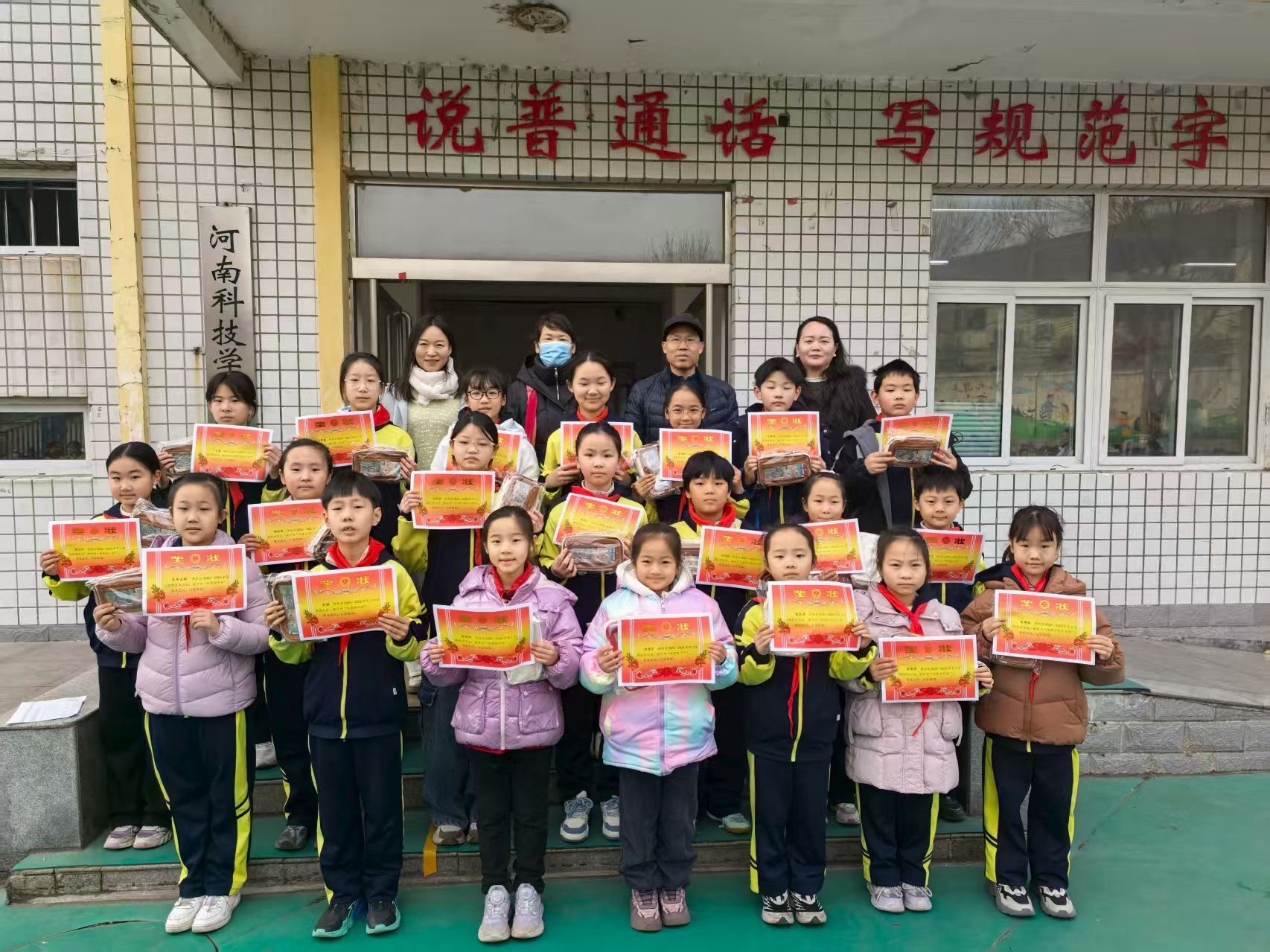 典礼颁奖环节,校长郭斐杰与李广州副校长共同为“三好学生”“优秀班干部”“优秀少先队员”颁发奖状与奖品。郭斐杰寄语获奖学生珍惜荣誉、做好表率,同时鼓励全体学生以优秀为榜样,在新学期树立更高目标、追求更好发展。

- - - -

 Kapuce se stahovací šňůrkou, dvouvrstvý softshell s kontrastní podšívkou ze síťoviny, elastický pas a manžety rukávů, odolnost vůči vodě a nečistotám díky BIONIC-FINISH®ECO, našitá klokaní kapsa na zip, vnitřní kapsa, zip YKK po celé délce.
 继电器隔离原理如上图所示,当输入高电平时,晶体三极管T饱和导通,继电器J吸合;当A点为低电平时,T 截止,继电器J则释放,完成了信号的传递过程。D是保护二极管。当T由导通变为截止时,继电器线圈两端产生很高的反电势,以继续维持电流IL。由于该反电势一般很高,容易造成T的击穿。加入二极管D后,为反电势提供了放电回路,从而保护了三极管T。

- - - -

What to work on
Copy word for word the stretch of entries above from the line that has "Kapuce se stahovací" through the line that has "继电器隔离原理如上图所示,当", both ends included, and nothing outside it.

Finished task
 Kapuce se stahovací šňůrkou, dvouvrstvý softshell s kontrastní podšívkou ze síťoviny, elastický pas a manžety rukávů, odolnost vůči vodě a nečistotám díky BIONIC-FINISH®ECO, našitá klokaní kapsa na zip, vnitřní kapsa, zip YKK po celé délce.
 继电器隔离原理如上图所示,当输入高电平时,晶体三极管T饱和导通,继电器J吸合;当A点为低电平时,T 截止,继电器J则释放,完成了信号的传递过程。D是保护二极管。当T由导通变为截止时,继电器线圈两端产生很高的反电势,以继续维持电流IL。由于该反电势一般很高,容易造成T的击穿。加入二极管D后,为反电势提供了放电回路,从而保护了三极管T。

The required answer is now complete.